I love my choice of plants, as the viv has grown a ton, but nothing is competing with anything else  There are only a few plants that may take over in this one, and it is the marcgravia and raphiodophora, so I say let them take over 

Thanks for looking,

ed parker


----------



## *Self_DeFenCe* (Jun 12, 2010)

This is madness!!!


----------



## eos (Dec 6, 2008)

Lookin fantastic!


----------



## stevenhman (Feb 19, 2008)

Very nice! How is the new bottom holding up? I was always wary about repairing broken panes because I have heard about issues between new silicone bonding to old (or already cured).


----------



## laylow (Apr 6, 2009)

Ed, about how much did you spend for the glass to build the tank do you remember?

Shaw


----------



## Mantellaprince20 (Aug 25, 2004)

stevenhman said:


> Very nice! How is the new bottom holding up? I was always wary about repairing broken panes because I have heard about issues between new silicone bonding to old (or already cured).

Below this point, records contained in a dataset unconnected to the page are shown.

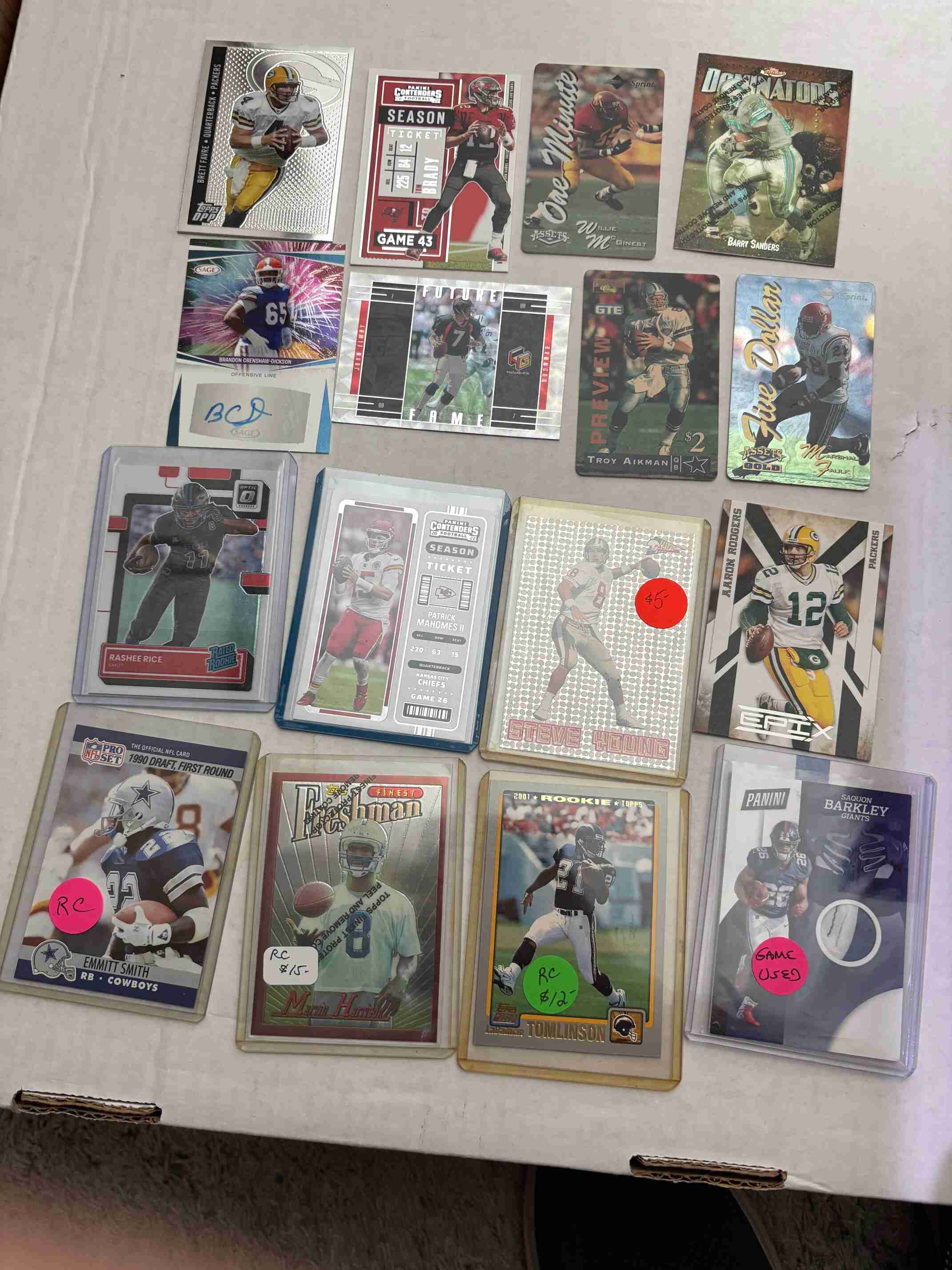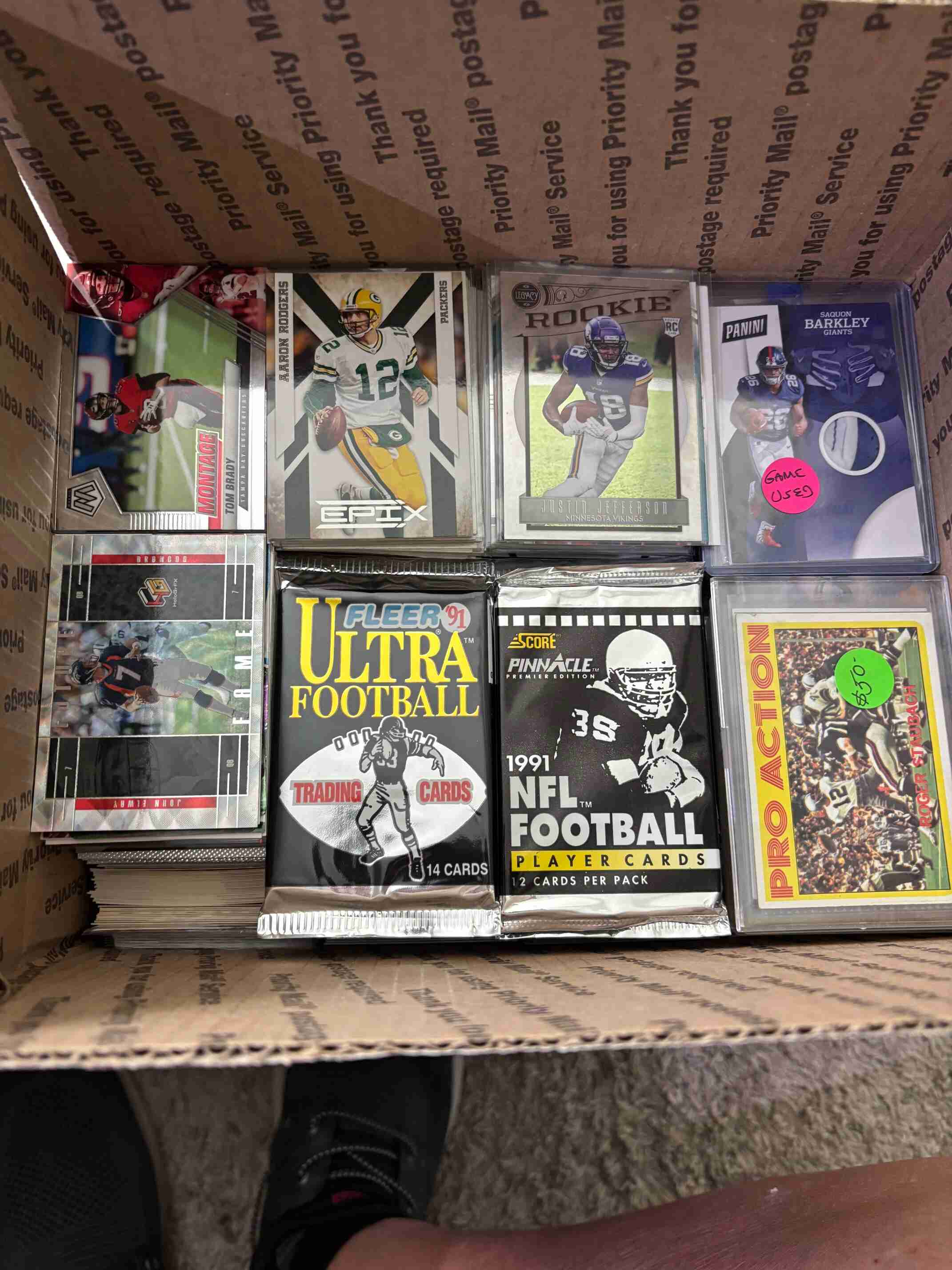 Huge clearance collection of 2500 Football cards loaded with vintage, Rookies, Stars, Uncut team sheets, a perfect Saquon Barkley game used card, and unopened packs, all in great condition. You will receive everything shown in the photos and more. I am having a complete clearance of my 2,000,000 card collection, so please check out my other auctions for more great deals.
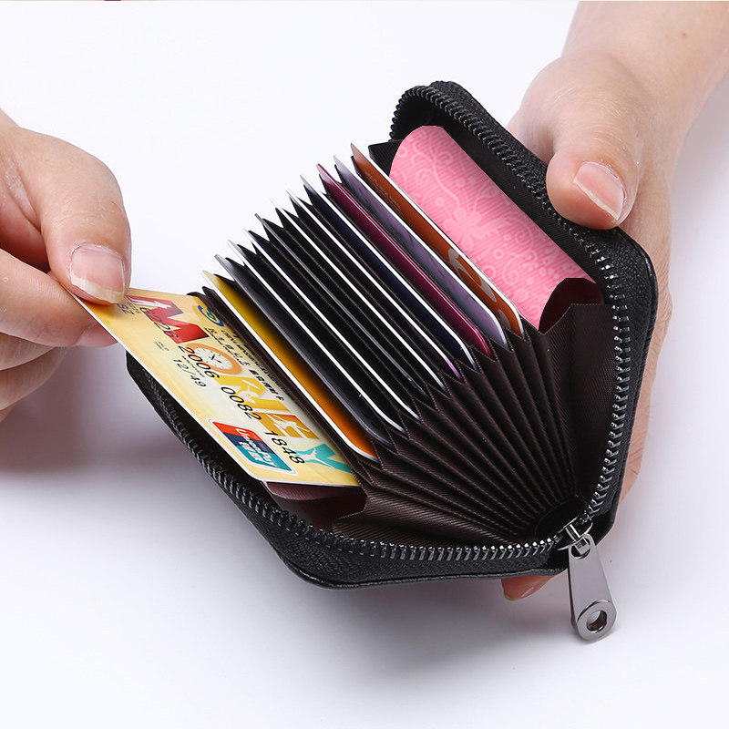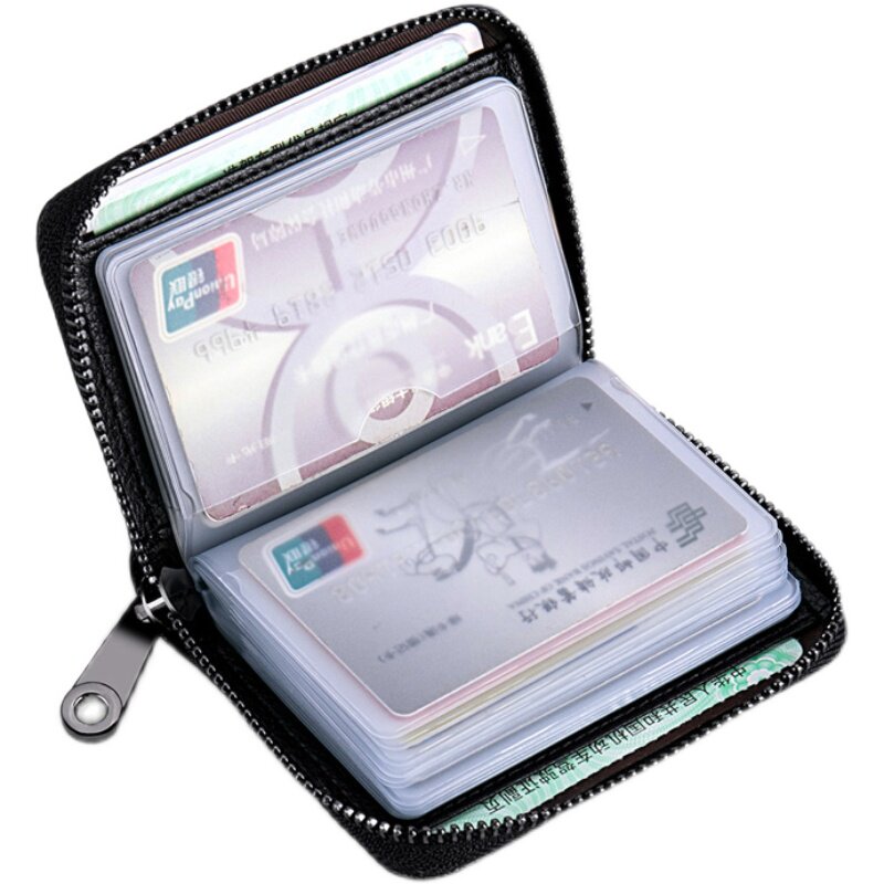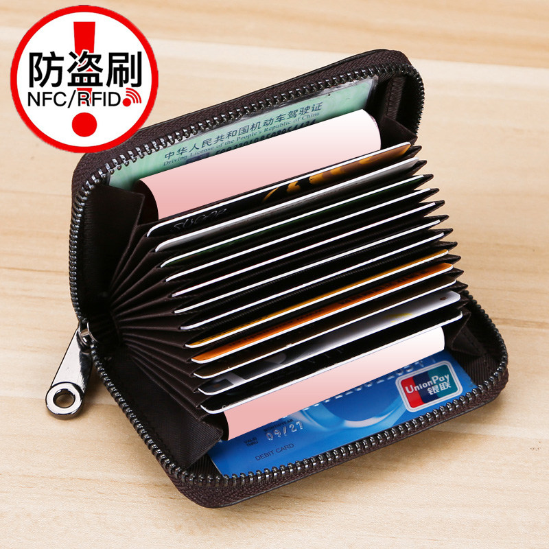 Theft-proof swipe bag for men's genuine leather texture multi-clamping document bit leather set card bag large capacity business card bag cutting sleeve
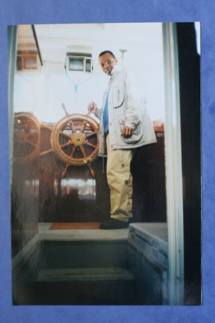 Houssen Mze Hamadi, archives. Houssen posant dans un bateau « pour les touristes » au Vieux-Port, peu de temps après son arrivée (années 96-97, il ne se souvient pas) © Collection particulière Houssen Mze Hamadi, Atelier du Bruit.
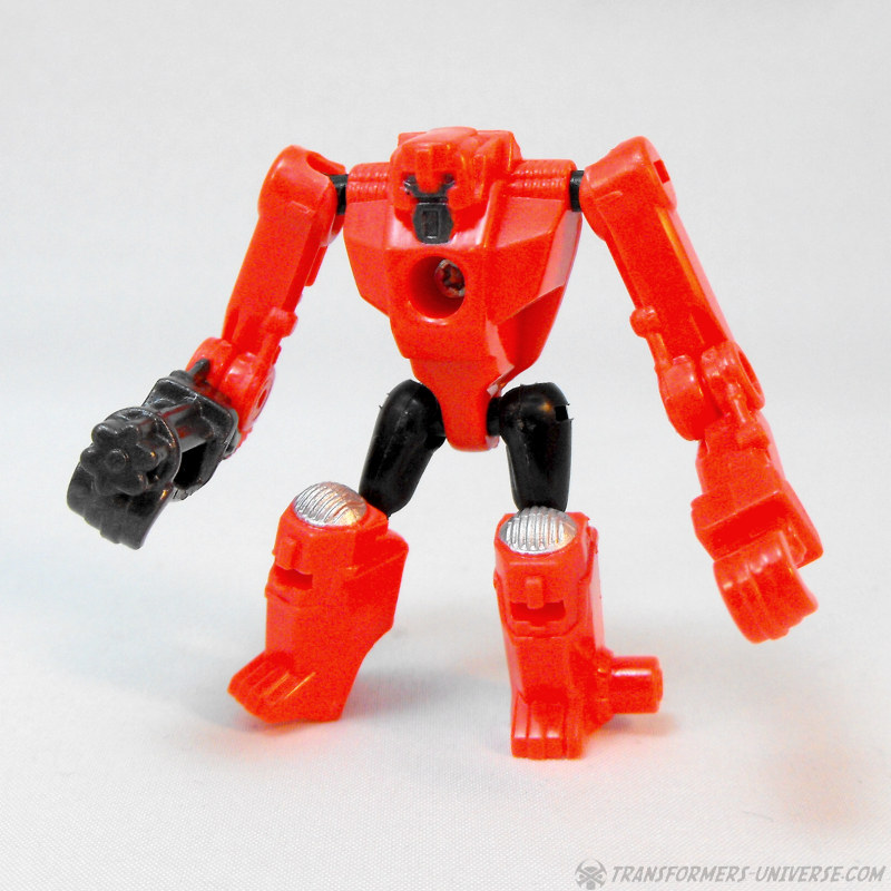 Partner: Beacon ist ein größtenteils roter Minicon mit einem an einen Gorilla erinnerden Robotermodus. Sehr lange Arme, eine davon endet in einer Minigun, und ein leicht affenartiges Gesicht. Gar nicht übel. Wie alle PCC Minicons wird er als Quad-Changer beworben, also ein Roboter mit je einem Waffenmodus für den Roboter- und Fahrzeugmodus seines Partners, sowie einem Rüstungsmodus. In der Realität hat Beacon aber gerade mal einen Alternativmodus, zwei maximal. Er wird zu... irgendwas. Ich bin mir ehrlich nicht sicher. Die Minigun am Ende des Arms ist natürlich immer präsent und diese zwei Scheinwerfer an seinen Knien... ehrlich, ich hab‘ keine Ahnung. Er kann in jedem Modus an Steelshot andocken oder als eine Art Waffe in Händen gehalten werden, nichts davon sieht wirklich gut aus. Außerdem passt die grellrote Farbe auch nicht wirklich toll zu Steelshots Wüstentarnfarben. Unterm Strich hier also: Beacons ist mit Sicherheit nicht der beste der PCC Minicons und passt auch nicht wirklich zu Steelshot.
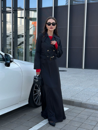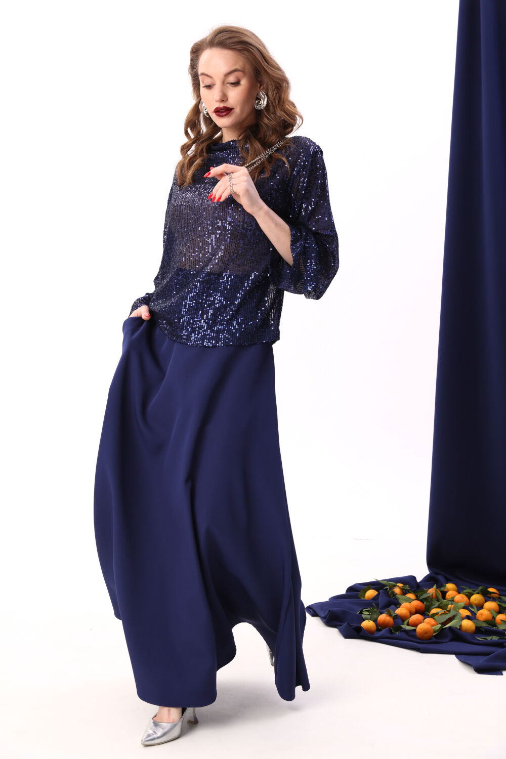 Юбка - солнце макси с узким поясом. В боковых швах расположены карманы. Застёжка на петлю и пуговицу и молнию по спинке.
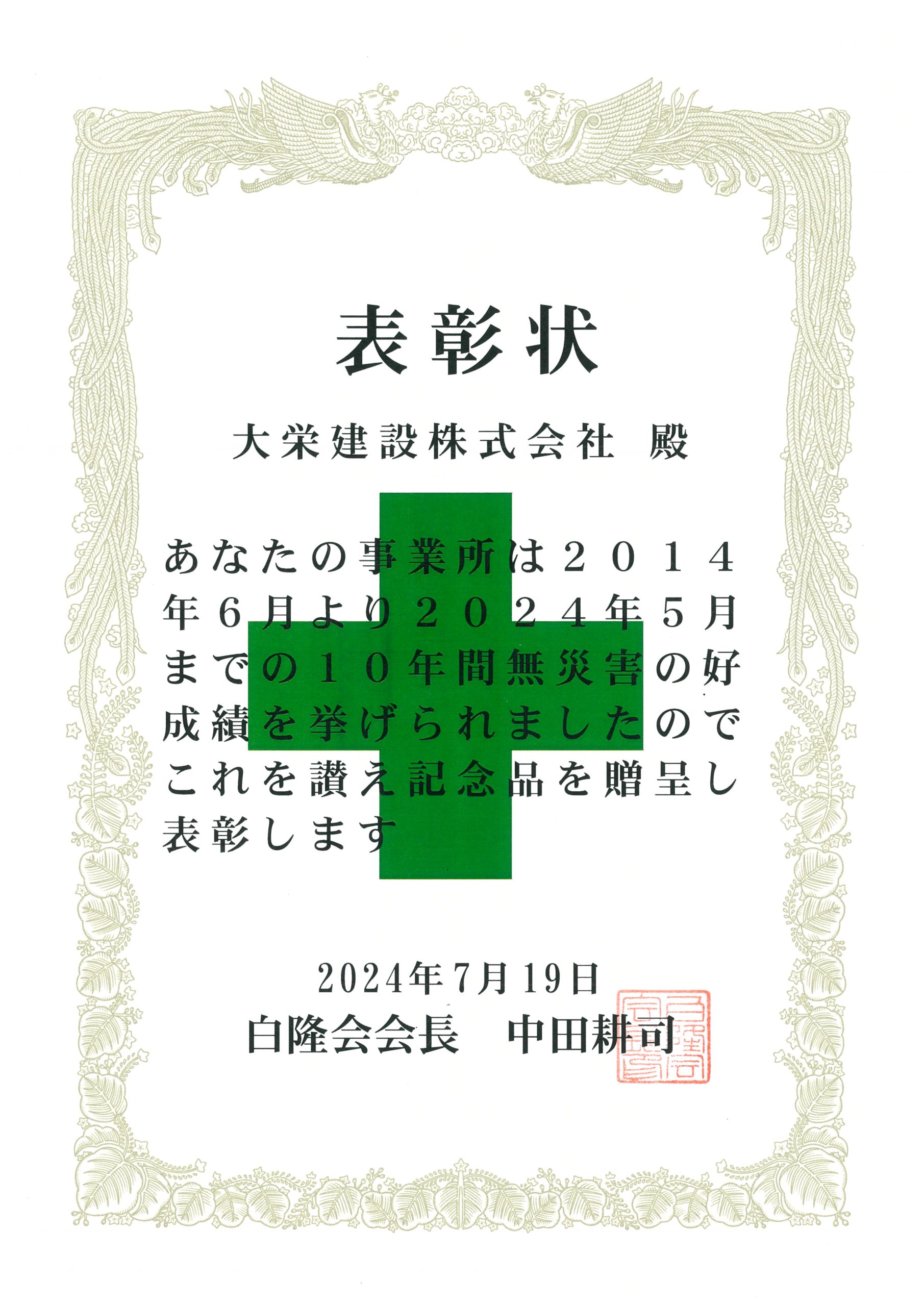 この度、白隆会(チタン工業㈱労働安全協力会)様より『10年間無災害表彰』を頂きました。
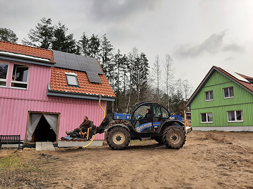 Eine Gemeinschaft, die solchen Zuspruch erfährt wie wir, muss sich natürlich um Wohnraum für alle Mitglieder kümmern. Unterhalb des alten Dorfes hat nun eine kleine Siedlung aus Holzhäusern ihren Platz gefunden, deren bunte Fassaden ein Abbild unserer sehr vielfältigen Community sind: die Flachsenberg-Siedlung. Da unsere Community stets in Bewegung ist, sind Umbauen, Anbauen, Neu-Bauen bei uns allgegenwärtige Themen. Zu unserer Gemeinschaft zählt daher auch ein findiger, sehr geschickter Bautrupp, der die vielen fleißigen Helfer anleitet. Die Siedlung ist natürlich an unser eigenes Nahwärmenetz angeschlossen, das zum einen durch ein Blockheizkraftwerk auf Holzgasbasis, zum anderen durch eine Hackschnitzelheizung gespeist wird.
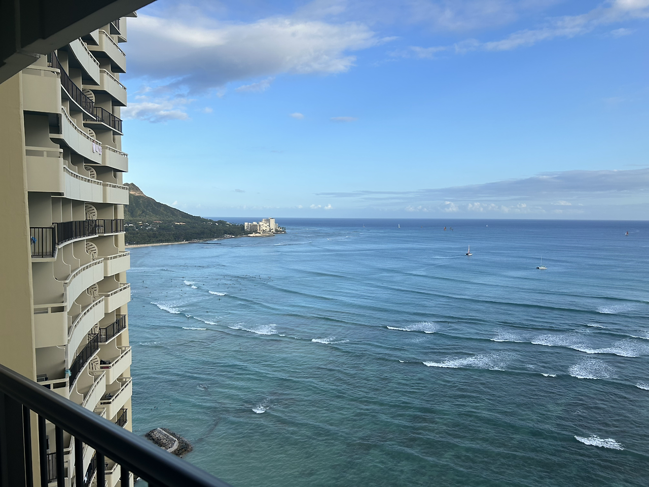 넓은 바다가 한눈에 담기지 않을 정도로 쫙 펼쳐졌다. 마우이가 파란색 푸르고 짙은 바다였다면 와이키키의 바다는 그보다 옅은 하늘색 바다였다. 인스타에 사진을 올리니 사람들이 강릉 아니냐고 놀렸지만 그래도 좋았다.

It is actually holding up very well. I basically removed all of the old silicone, cleaned the surfaces really well, then used the all glass aquarium silicone to put it back together. that was pretty stupid of me to use the 1/4" glass as the bottom..... lesson learned


Shaw, I think I spent about $70 in glass before replacing the broken bottom, not too bad considering a new 60 gallon aquarium is around $150 or so, and then you still have to cover the top 

Thanks for the comments, I will update some of the plants soon. The lepanthopsis astrophora has been in bloom for the past few months with over a dozen spikes and more coming out now!


----------